しんし
月は上弦の月の姿になろうとしている。半分ほどの姿を見せている月……その光の量は、満月の半分なのだろうか。季節などの関係で明るさが違う気もするけれど、難しいことはよくわからない。
空に月を見つけ、愛でる時、姿や明るさが違ったとしても、それが月であることに変わりはない。
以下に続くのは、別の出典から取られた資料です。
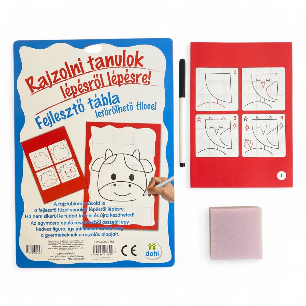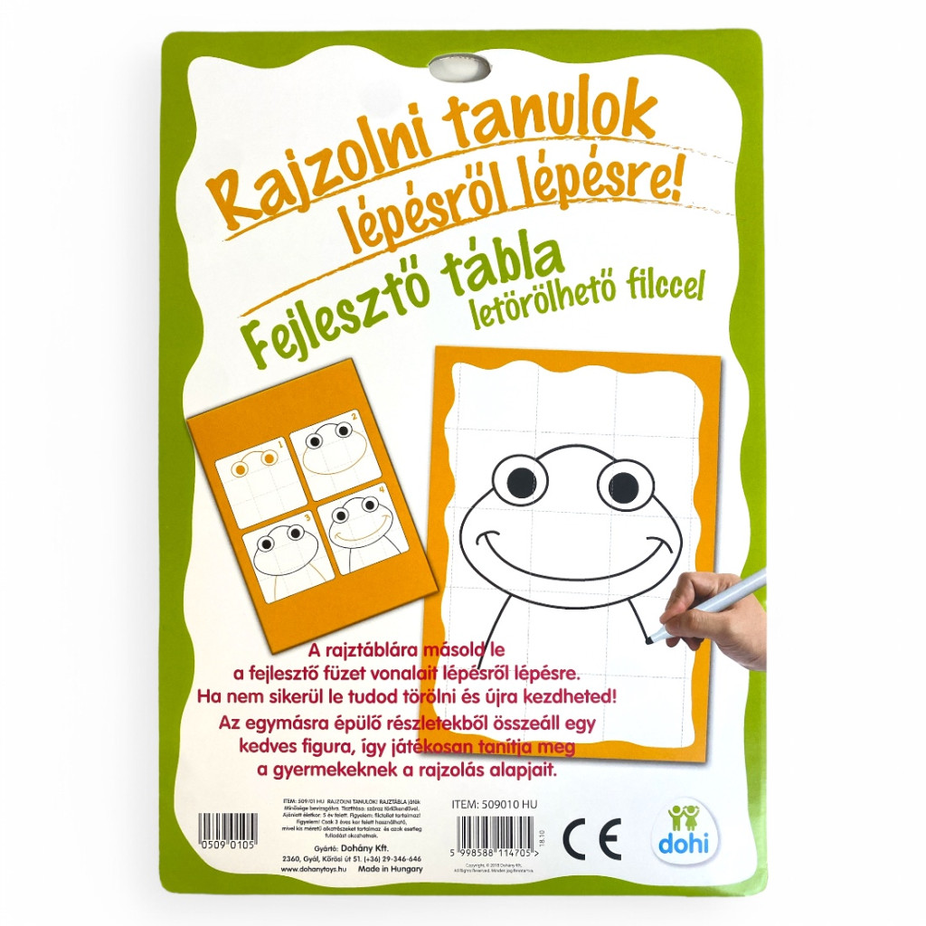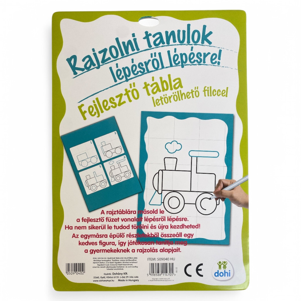 Ez az izgalmas rajzolós fejlesztő tábla tökéletes eszköz a gyerekek számára, hogy játékos módon tanulják meg a rajzolás alapjait. A letörölhető felület és az egyszerű, követhető lépések garantálják a sikerélményt, miközben fejlődik a kézügyesség és a koncentráció.

雲と共に空に浮かぶ月……その光は、静かな夜の地に降り注いでいる。
ヒンヤリと冷たい空気の中に溶ける月の光、その中に屋敷はあり、窓の一つが開けられていた。
「外の空気は中より冷たい。……というか、寒い」
人影は台詞の途中で振り返りながら言う。
「それじゃあ、窓を閉めよう。……というか、何で開けたの?」
「なんとなく冷たい空気に触れたくなったから……かな」
再び開いた窓から外を眺めると、外から入り込む冷たい空気を感じる。
「そうなんだ。じゃあ、わたしも」
室内……お座敷と呼ばれるこの場所にある、もう一つの人影が立ち上がり、窓辺へ向かう。
「寒いけど大丈夫?」
「大丈夫。ストーブ点いてるし」
視線でストーブを示す。
「うむ、開いた窓から熱が逃げていくね」
「わたしたちの体温も、体から逃げていくね!」
そう言いながら、隣にいる人影に触れない程度に近づく。近づかれた人影は、なんとなく柔らかくて温かい感触をイメージした。
「おっと、立ちくらみが……」
わざとらしくふらつき、隣の人影の左肩に手を回してバランスを取る振りをした。
「大丈夫? ……一応、言ってみたけど」
「大丈夫な方がいいかな?」
「それはそうだと思う。……大丈夫だよね?」
大丈夫なのか少し不安になり改めて聞いてみる。
「残念ながら大丈夫だ。真面目に大丈夫じゃなければ、それを理由にこのまま君を押し倒してしまうという手を遠慮なく使えるのだが……」
魔術師は、真面目な顔で使い魔を見つめながら言う。
「真面目に大丈夫じゃなくてそうなったら……安静にしてなくちゃダメだよ?」
使い魔も、真面目な顔で応えた。
「ふっふっふ、それはそうだ。……でも、そうなった時、君と触れ合っていられたら最高だな」
「どこまでが冗談なんだろう……」
「意外と全部が本気だったりするかも」
自分の顔を見る使い魔の視線から逃げるように、月に視線を向ける。
「逆の場合……。わたしがそうなったら……優しく介抱してくれる?」
魔術師の横顔を見つめながら聞いて見る。
「それはもちろん! …………どさくさに紛れて色々な所をおさわり……と、言いたいところだけれど、そういう場合は、出来ないな」
「変態なのに?」
「紳士でもあるのだよ私は! ……う~ん、あれだ! そういう場合はボディーではなく、優しくしてハートを奪うんだ! 紳士の心得、第100条にそうあるし!」
大きく頷いて台詞を言い終わる。
「そんなのがあるんだ……でも、100個も覚えるの難しそう」
「いやいや、100以上あるよ」
「いくつまであるの?」
まっすぐに向けられる使い魔の視線に、魔術師は動揺し始めた。
「う、うん。……ごめん、ウソついた。そういうのあるのかな?」
「どうだろう……。ハートを奪うために優しくするの?」
まっすぐなままの使い魔の視線を受けつつ問われ、魔術師は考え込む。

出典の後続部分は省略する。